Алёна вскочила, опрокинув стакан с водой. Холодная жидкость поползла к краю стола, смазывая буквы в её трудовой книжке — шестнадцать часов смены в день, отметки о донорстве крови.
— Врать! — крикнула она, хватая воздух ртом, как рыба, выброшенная на берег. — Варя упала с дерева, когда...
Судья ударила молотком. Сергей, сидевший в первом ряду, достал из кармана бумажного журавлика — Тим учил его оригами в прошлое посещение.
Часть четвертая: Молчание снега
Аэропорт Шереметьево пахнул кофе и тоской. Алёна прижала к груди пакет с варежками — связала за ночь, хоть врач говорил, что после инфаркта нельзя.
— Десять минут, — строго сказала соцработница, сверяя часы с графиком. — И никаких слёз. Ребёнок не должен...
Тим вошёл в комнату для свиданий, выросший на три сантиметра. Новые кроссовки скрипели по полу.
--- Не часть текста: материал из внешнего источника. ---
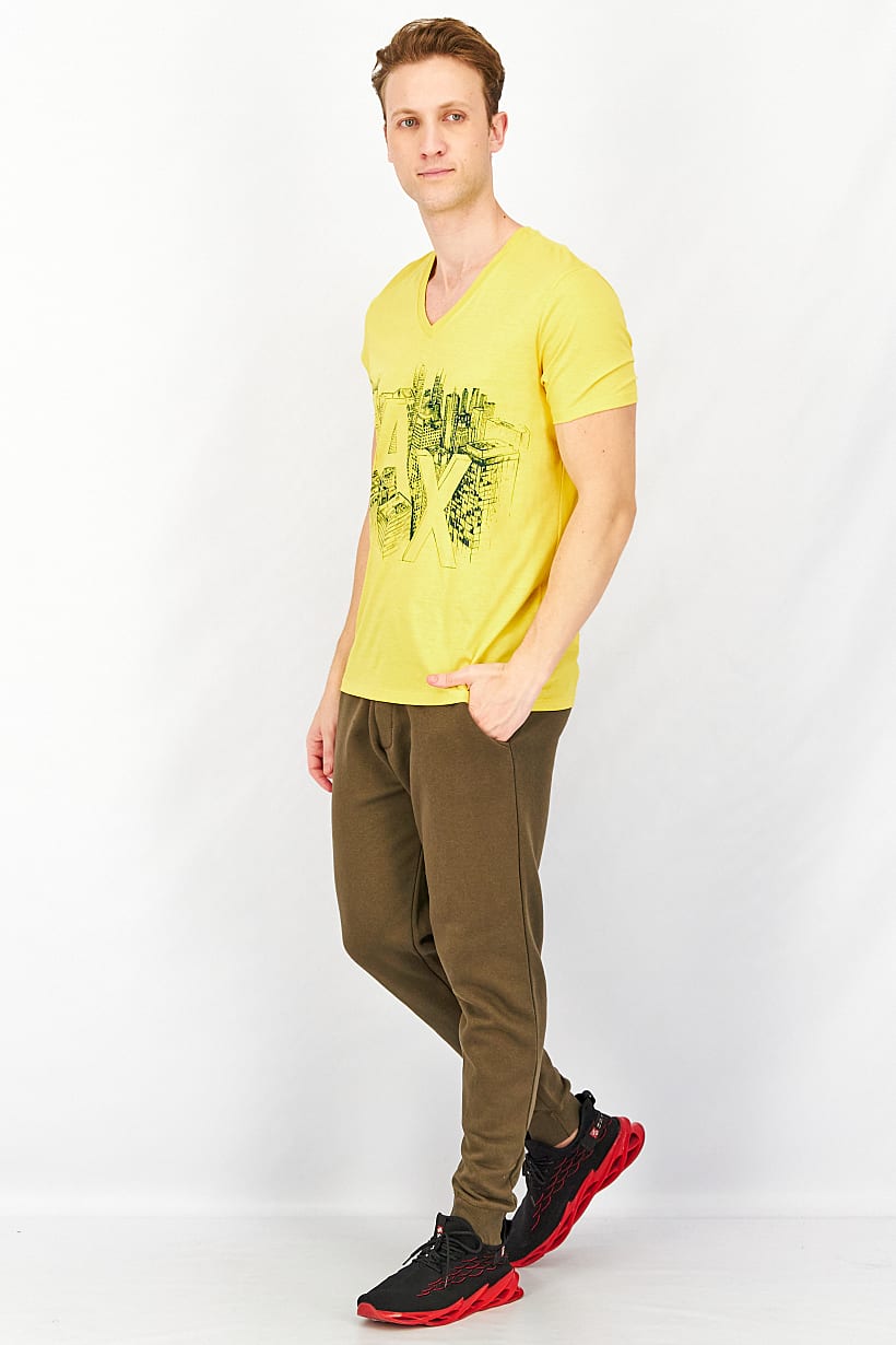 Care : Machine washable, Ideal For : Men, Size shown : International, Sleeve Length : Short Sleeve, T-Shirt Style : V- Neck, Types of Hem : Straight hem, Types of Neckline & Collar : V-neckline, Types of Sleeve : Short sleeve, Disclaimer : Product color may slightly vary due to photographic lighting sources or your monitor settings., Fabrics : 100% Pima Cotton, Occasion : Casual, Pattern & Print : Graphic print, Types of Closures : Pullover, Color Family : Yellow, Fit : Slim fit,

— Мам... — он посмотрел на камеру на потолке, сглотнул. — Тётя Катя говорит, ты теперь как тётя. Мы с Варей будем писать...
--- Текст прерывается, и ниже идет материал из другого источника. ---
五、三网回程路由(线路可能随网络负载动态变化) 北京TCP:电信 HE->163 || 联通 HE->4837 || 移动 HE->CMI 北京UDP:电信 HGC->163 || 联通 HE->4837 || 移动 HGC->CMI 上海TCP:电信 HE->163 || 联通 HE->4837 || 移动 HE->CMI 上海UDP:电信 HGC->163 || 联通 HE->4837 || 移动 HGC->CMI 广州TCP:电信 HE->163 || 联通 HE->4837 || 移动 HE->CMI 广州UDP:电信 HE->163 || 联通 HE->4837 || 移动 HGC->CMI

Алёна сунула ему конверт. Внутри — билеты в кукольный театр, купленные год назад. И фотография: они трое лепят снеговика во дворе, где сейчас стоит BMW брата.
— Когда вырастешь, — прошептала она, целуя сына в макушку, пахнущую чужим шампунем. — Поищешь правду. Или... не ищи. Просто будь счастлив.
Соцработница кашлянула. Тим судорожно сунул ей в руку бумажного голубя — крылья смялись в кулаке.
На обратном пути в электричке Алёна развернула птицу. На крыле дрожащим детским почерком было выведено: «Прости что молчал. Люблю».
За окном замелькали дачи, укрытые первым снегом. Где-то там, за тысячей километров, Варя примеряла новое платье, а Сергей объяснял нотариусу, почему мать добровольно отказалась от прав.
Кондукторша протянула билет. Алёна покачала головой, сжимая в ладони бумажного голубя, который теперь был похож на белый флаг.